**The task**
Restate all entries word for word, minus pictures.

Excerpts from a dataset
-----
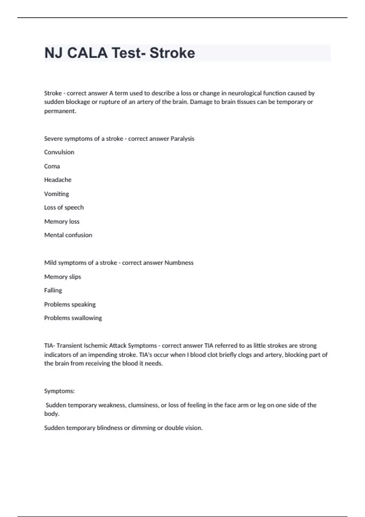 NJ CALA Test- StrokeStroke - correct answer A term used to describe a loss or change in neurological function caused by sudden blockage or rupture of an artery of the brain. Damage to brain tissues can be temporary or permanent. Severe symptoms of a stroke - correct answer Paralysis Convulsion Coma Headache Vomiting Loss of speech Memory loss Mental confusion Mild symptoms of a stroke - correct answer Numbness Memory slips Falling Problems speaking Problems swallowing TIA- Transient Ischemic Attack Symptoms - correct answer TIA referred to as little strokes are strong indicators of an impending stroke. TIA's occur when I blood clot briefly clogs and artery, blocking part of the brain from receiving the blood it needs. Symptoms: Sudden temporary weakness, clumsiness, or loss of feeling in the face arm or leg on one side of the body. Sudden temporary blindness or dimming or double vision.
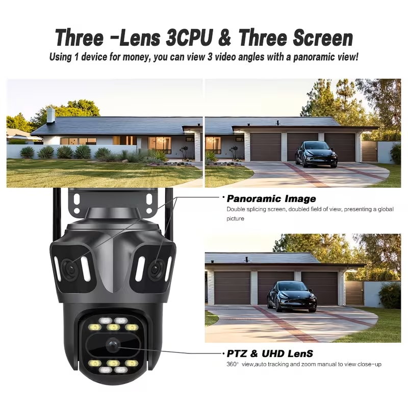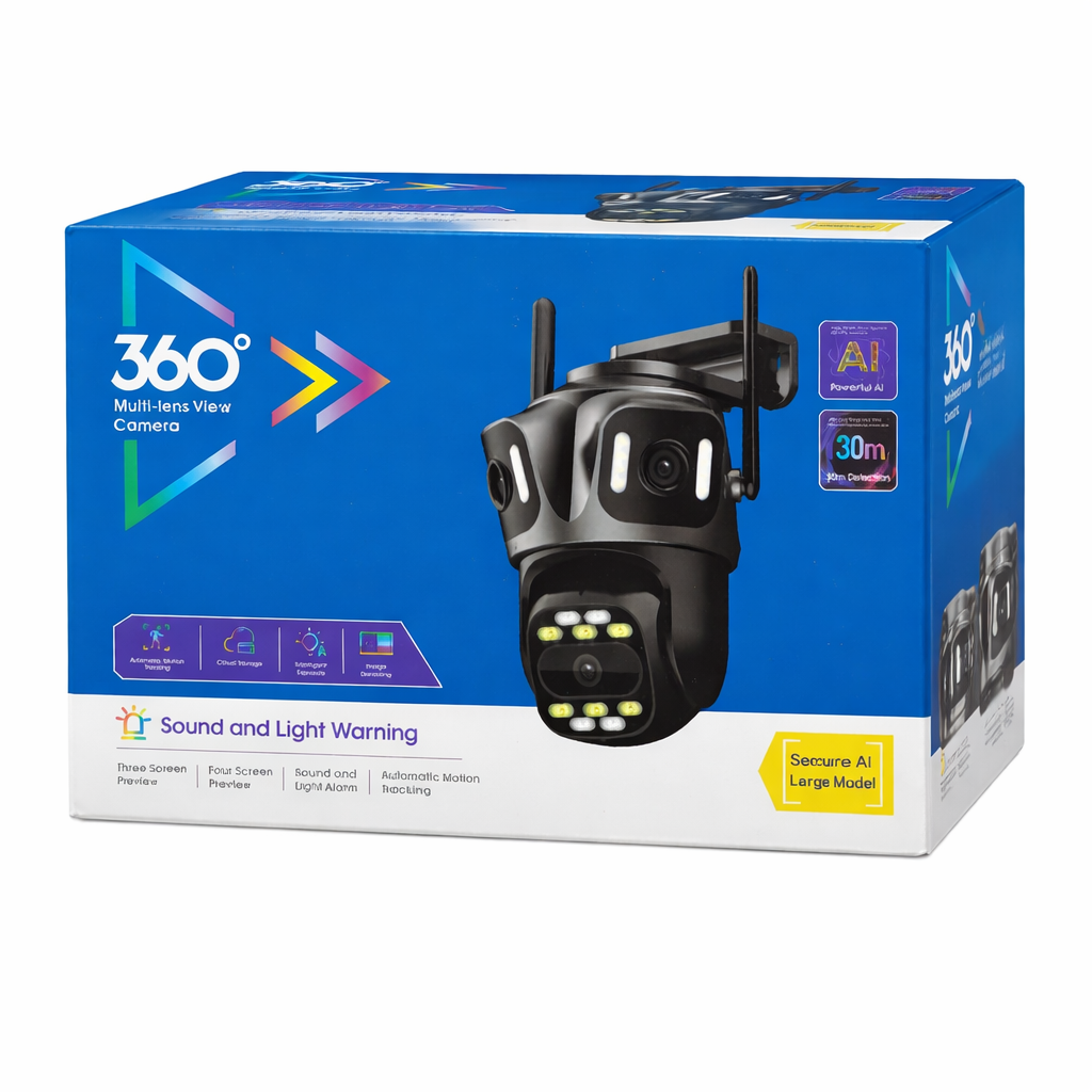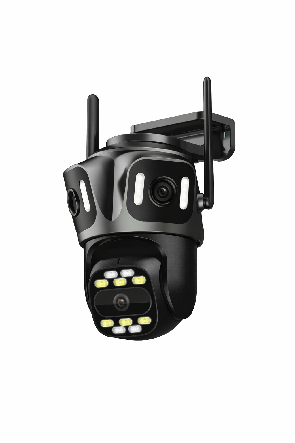 Védd otthonod, üzleted vagy telephelyed egy modern, intelligens 360°-os kültéri biztonsági kamerával! A több lencsés kialakításnak és a PTZ (forgatható-dönthető) funkciónak köszönhetően teljes körű megfigyelést biztosít vakfoltok nélkül.
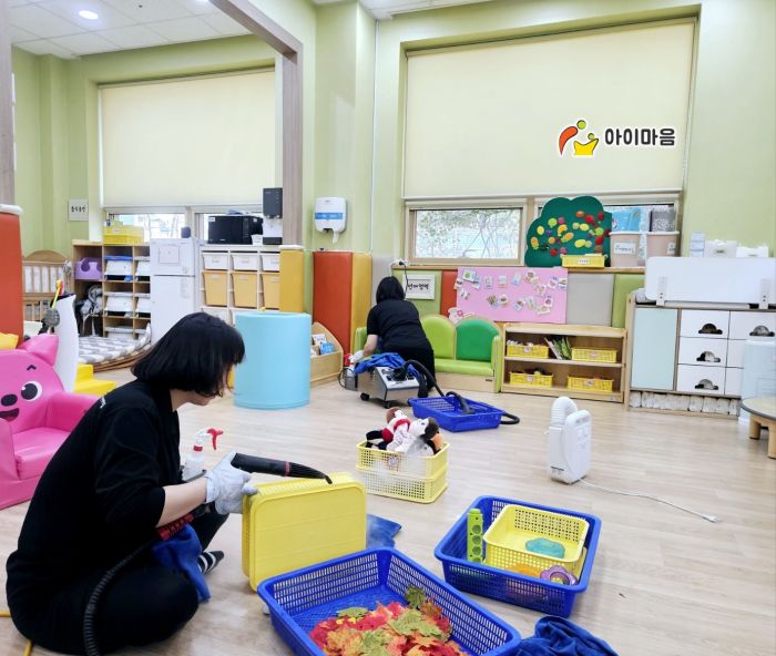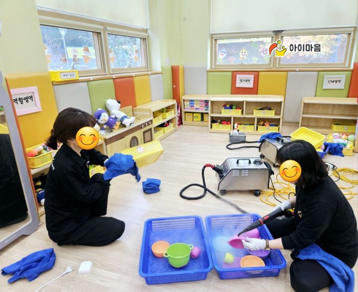 장난감과 시설물을 스팀세척살균소독 하였습니다.
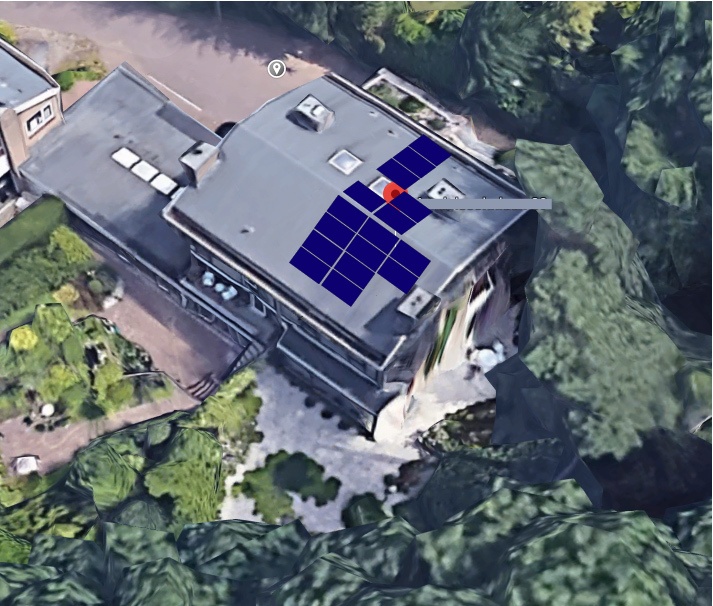 De richting van het dak is ZW. Google maps staat naar het noorden. Het dak heeft niet al te veel bruikbare ruimte en zoals te zien is staan er een aantal bomen. De helling van het dak is 45 graden, en er zit een redelijk forse dakkapel op.
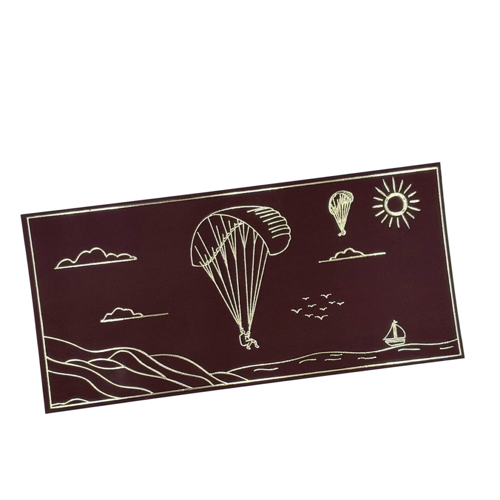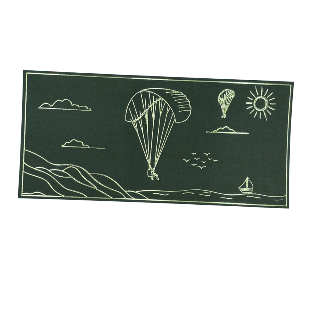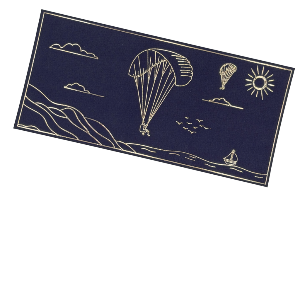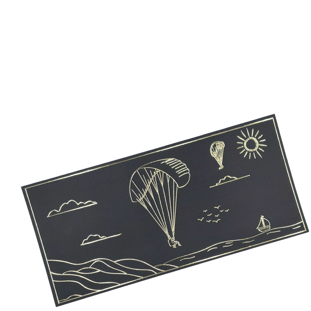 Notre carte cadeau arbore un dessin minimaliste en dorure, capturant l’instant du vol.
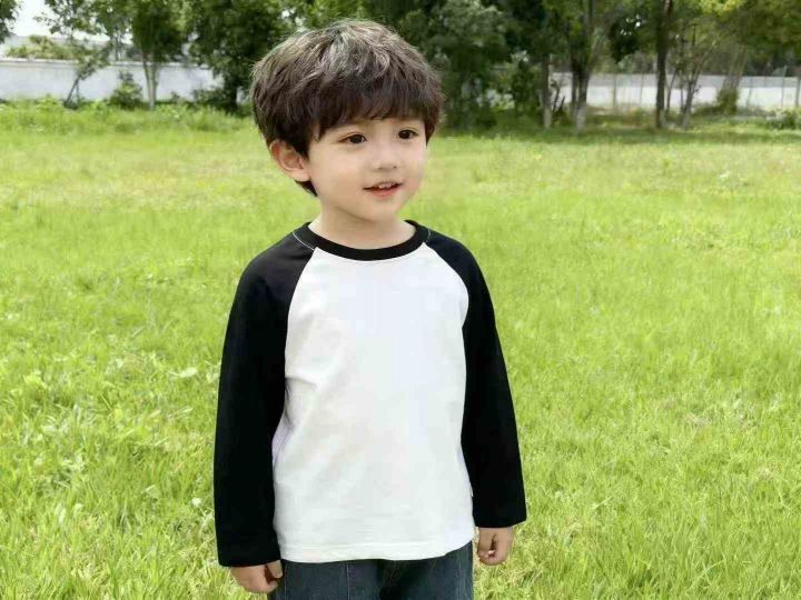 纯棉童装拼色长袖 数量500件左右 尺码110--160 后领包边 十件一包装 货品干净整齐。 货号:1323
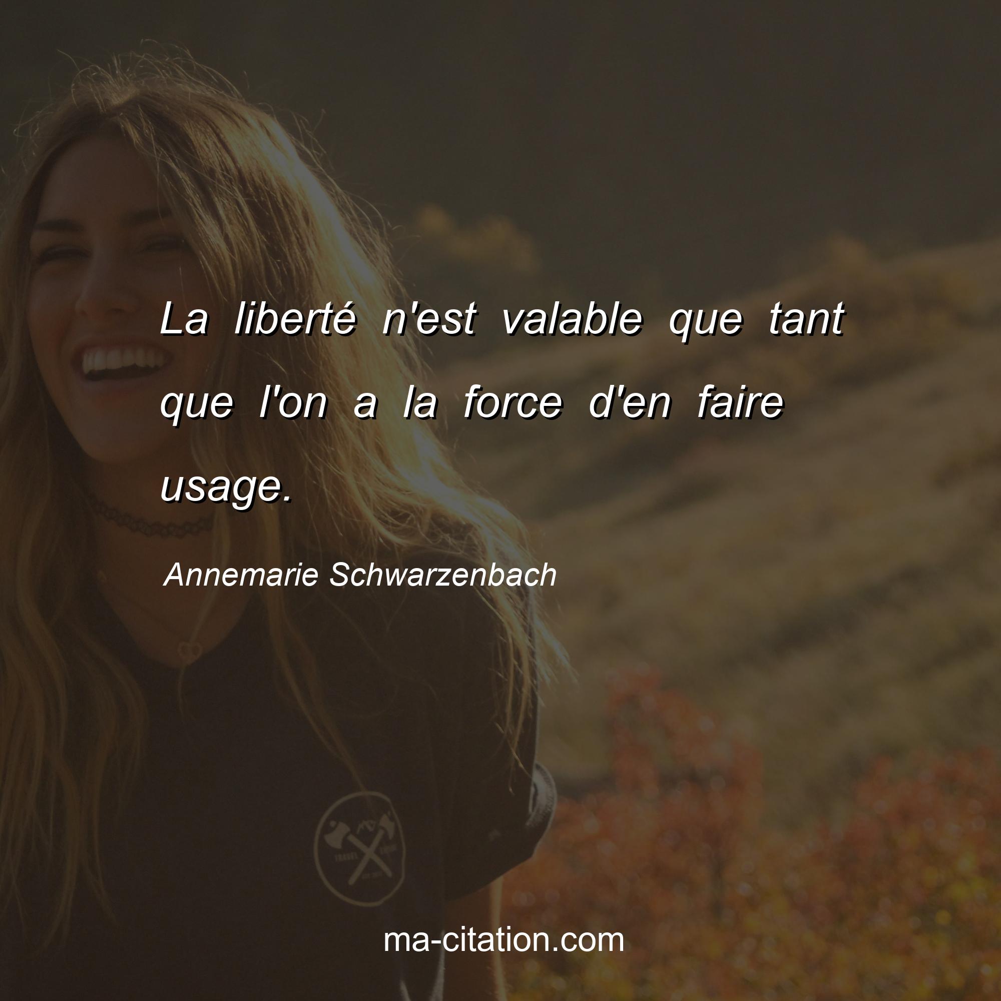 Citation sur la vie d'Annemarie Schwarzenbach :La liberté n'est valable que tant que l'on a la force d'en faire usage.
-----
**Task result**
 NJ CALA Test- StrokeStroke - correct answer A term used to describe a loss or change in neurological function caused by sudden blockage or rupture of an artery of the brain. Damage to brain tissues can be temporary or permanent. Severe symptoms of a stroke - correct answer Paralysis Convulsion Coma Headache Vomiting Loss of speech Memory loss Mental confusion Mild symptoms of a stroke - correct answer Numbness Memory slips Falling Problems speaking Problems swallowing TIA- Transient Ischemic Attack Symptoms - correct answer TIA referred to as little strokes are strong indicators of an impending stroke. TIA's occur when I blood clot briefly clogs and artery, blocking part of the brain from receiving the blood it needs. Symptoms: Sudden temporary weakness, clumsiness, or loss of feeling in the face arm or leg on one side of the body. Sudden temporary blindness or dimming or double vision.
 Védd otthonod, üzleted vagy telephelyed egy modern, intelligens 360°-os kültéri biztonsági kamerával! A több lencsés kialakításnak és a PTZ (forgatható-dönthető) funkciónak köszönhetően teljes körű megfigyelést biztosít vakfoltok nélkül.
 장난감과 시설물을 스팀세척살균소독 하였습니다.
 De richting van het dak is ZW. Google maps staat naar het noorden. Het dak heeft niet al te veel bruikbare ruimte en zoals te zien is staan er een aantal bomen. De helling van het dak is 45 graden, en er zit een redelijk forse dakkapel op.
 Notre carte cadeau arbore un dessin minimaliste en dorure, capturant l’instant du vol.
 纯棉童装拼色长袖 数量500件左右 尺码110--160 后领包边 十件一包装 货品干净整齐。 货号:1323
 Citation sur la vie d'Annemarie Schwarzenbach :La liberté n'est valable que tant que l'on a la force d'en faire usage.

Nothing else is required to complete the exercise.